Flying Falcon Duo win Pre-66 Touring Cars

Leo Voyazides/Simon Hadfield took a commanding win in the Masters Pre-66 Touring Car season-opener at Zolder today. Their Ford Falcon crossed the line with a comfortable 32-second lead over Andy Wolfe/Michael Gans (Lotus Cortina), with the Mark Martin/Andrew Haddon Cortina well over a minute adrift in third. Ron Maydon won the Mini class, but only just, as he held off visiting Dutchman René de Vries by a mere two tenths.

While front-row starters Voyazides and Wolfe headed into the first corner with a comfortable cushion, Mark Martin (Lotus Cortina), Greg Thornton (Ford Mustang) and Jonathan Lewis (Austin Cooper S) dived in three-wide, the nippy Mini coming out on top.
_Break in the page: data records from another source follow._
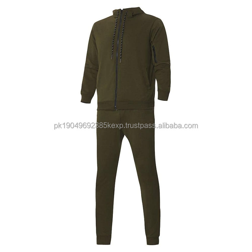 Wholesale Olive Green Tracksuits For Men Custom Plain Hoodie And Jogger Two Piece Casual Sportswear Supplier
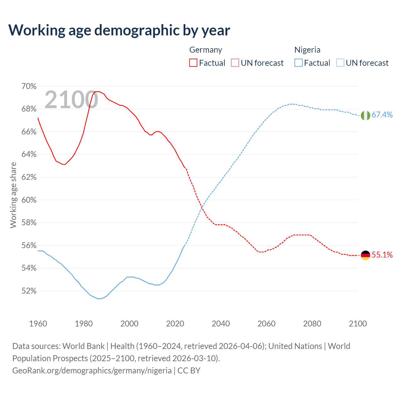 - Germany has 51.9M working age adults (aged 15-64) vs 136M in Nigeria.
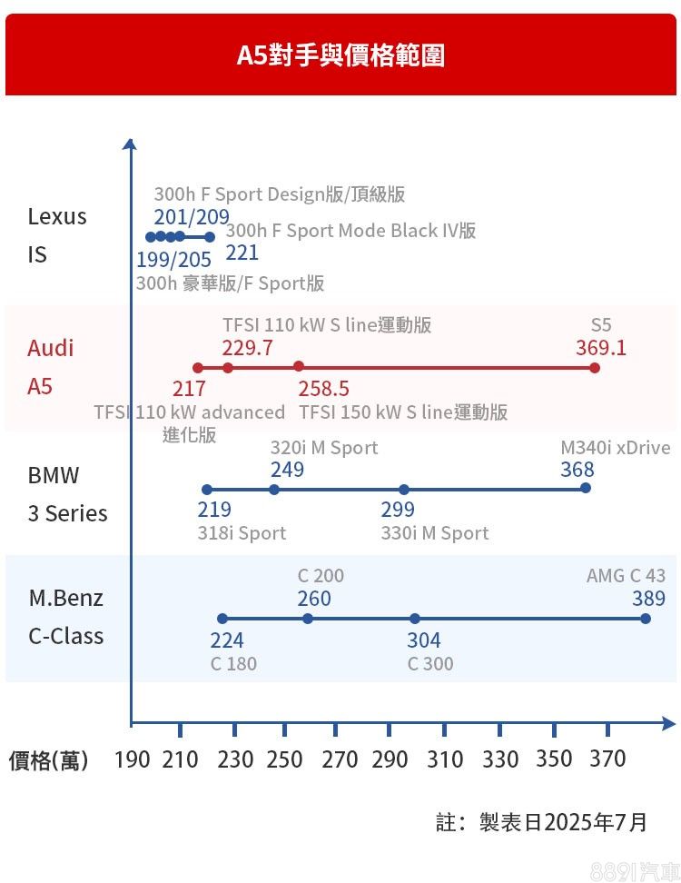在Audi A5全車系中,TFSI 150 kW S line是主力銷售版本,放眼同級對手BMW 320i M Sport(249萬)與賓士C 200(260萬),A5雖然在價格與動力上不見優勢,但憑藉最新世代設計語彙與科技配備整合度,相信能在使用體驗與產品新鮮感上明顯勝出。同時,入門的TFSI 110 kW進化版則對應日系對手,Lexus IS產品世代為同級最老,雖A5入門動力僅150hp,但內外世代差距感受,比起對上雙B更為明顯,在200萬出頭級距成功塑造高科技、高質感形象,具備充分吸引力。
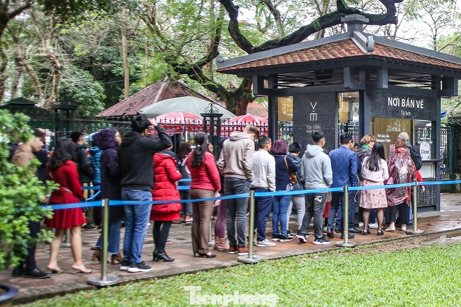 Mặc cho trời mưa lạnh, nườm nượp người đổ về Văn Miếu - Quốc Tử Giám trong ngày đầu tiên của năm mới Canh Tý 2020. Giá vé cho người lớn ở đây là 30.000đ/vé, đối với người già, sinh viên, trẻ em là 15.000đ/vé.
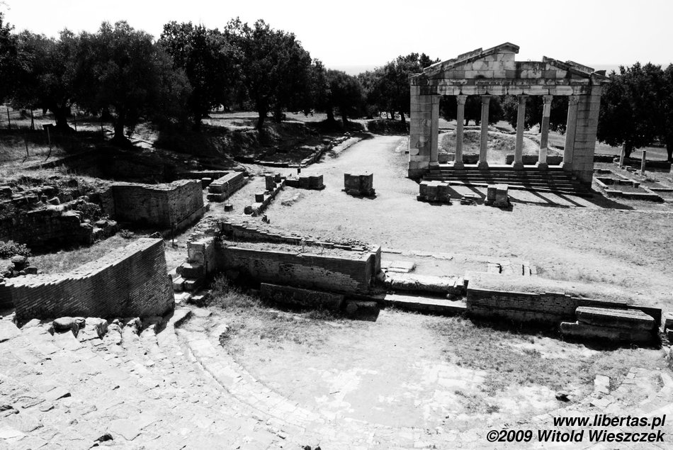 Apollonia was founded in 588 B.C. jointly by the Greek settlers from Corinth and Kerkyra (today Corfu), N.B. colonised by Corinthians in about 8th century B.C.1 The settlers were led by a man called Gylax and it was his name after which the city was given its first name – Gylakeia. Later, the name was changed to honour the god Apollo. Thirty other cities in Macedonia, Thrace, Crete or Italia honoured the god in the similar way2. For a change, we also have Aπολλωνία κατ' Επίδαμνον, i.e. Apollonia near Epidamnos – the city which was founded a bit earlier, in 627 B.C., also by the settlers from Corinth and Kerkyra. Apollonia, which this article refers to, was founded in the land that ancient people called Illyria. These days, the ruins of the city lie in Albania, close to Pojani village, 7 km from Fier.
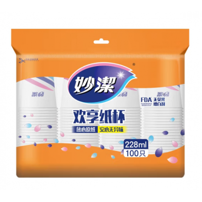 妙洁 MDCB100-B-44 一次性纸杯 商务 办公 纸杯 228ml*100 100只装
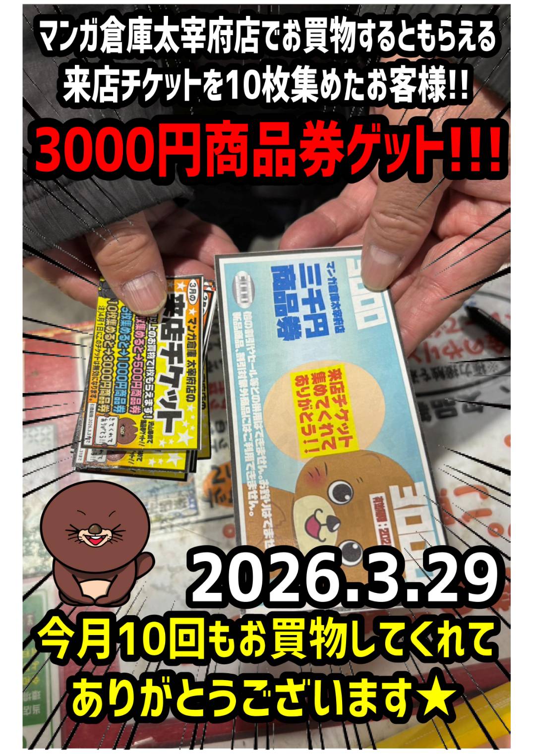 ■10回来店&お買い物をしたお客様、3000円商品券ゲットおめでとうございます!!◆#マンガ倉庫太宰府店 #来店チケット #商品券 #福岡 #太宰府 #イベント■ イベント情報! 2026年3月29日 10回来店&お買い物をしたお客様、3000円商品券ゲットおめでとうございます!! 今月も沢山のお客様が3000円商品券をゲット中です!!…3月も残りわずかなので御来店お急ぎ下さい! 来れば来るほどオトクなマンガ倉庫太宰府店にアナタもぜひご来店を★ ★店舗《Instagram / Twitter》フォローお願いします★ ★買取告知・イベント情報はこちら★ ★各部門の買取・入荷情報はこちら★ 共有: X で共有 (新しいウィンドウで開きます) X Facebook で共有 (新しいウィンドウで開きます) Facebook

On the next lap, Hans Hugenholtz (Lotus Cortina) passed Ron Maydon (Austin Cooper S) for sixth, while local hero Thierry de Latre du Bosqueau took eighth from Katsu Kubota’s similar Lotus Cortina.
 
By lap three, the order had settled, Voyazides leading Wolfe by two seconds, with Thornton a further eight seconds down. Both Thornton and Lewis ran lonely first stints in third and fourth, but behind them a group formed that took an interest in Mark Martin’s fifth place. Hugenholtz leading the chase for Martin’s Cortina, followed by Maydon and De Latre, before the Dutch Cortina lost time on lap eight. Twenty minutes into the race, Katsu Kubota joined the midfield group and, on lap nine, passed Maydon to take seventh. Five laps later, however, the Japanese driver stopped out on the circuit.
 
Lewis, Martin and Kubota were the first to pit on lap 13, Martin handing over to Andrew Haddon, who immediately began setting sub-2 minute lap times. Voyazides, in the leading Ford Falcon pitted two laps later, while Wolfe hung on for another lap before Michael Gans jumped in.
 
“I was trying to give Simon a car with some brakes,” explained Voyazides. “The extra weight we run this year, 100 kilos, has a big effect so it was a case of conservation rather than pure racing.”

It was a close call when Gans headed out with a narrow lead, but Simon Hadfield quickly restored the order in the Falcon to establish a lead of 14 seconds halfway into his stint.
 
Meanwhile, Haddon’s quick times had hauled him into third place, ahead of Thornton and a lively Mini dogfight for fifth. Jonathan Lewis had lost out at the pit stops, and on lap 17, Ron Maydon took the lead of the Mini class. René de Vries in the Dutch Mini would join them by the end of the race, to make it a three-way Mini tussle. Lewis had a tyre delaminate after the pit stops, however, and had no grip and thus no defence when Maydon attacked and then De Vries attacked for sixth on lap 25. Lewis’s tyre went pop two laps from home!
 
And Lewis’ car wasn’t the only ailing Mini, as Maydon was now starting to slow as well. The Dutchman had a shock class win in his sights but the Masters boss narrowly hung on to beat De Vries by two tenths.
 
“That was great fun,” said Maydon. “Really close racing. If I roughed anyone up, I’d like to apologise!”
 
Lewis lost one more place to De Latre but made it to the finish in eighth.
 
After 29 laps, Hadfield finished in style with a fastest lap of the race (1m56.583s) to beat the Wolfe/Gans Cortina by over half a minute.
 
The Martin/Haddon Cortina came home third, with Thornton’s Mustang a lonely fourth. Behind the three Minis and the De Latre Cortina in seventh, the Martin Melling/Martin Brewer Falcon, Bert Mets’ Mini Cooper S and Richard Bateman’s Cortina were the remaining finishers. Besides Kubota, the Cortina shared by Hugenholtz and David Hart’s 16-year-old son Olivier – making his historic racing debut, straight from karts – was the only car failing to reach the finish.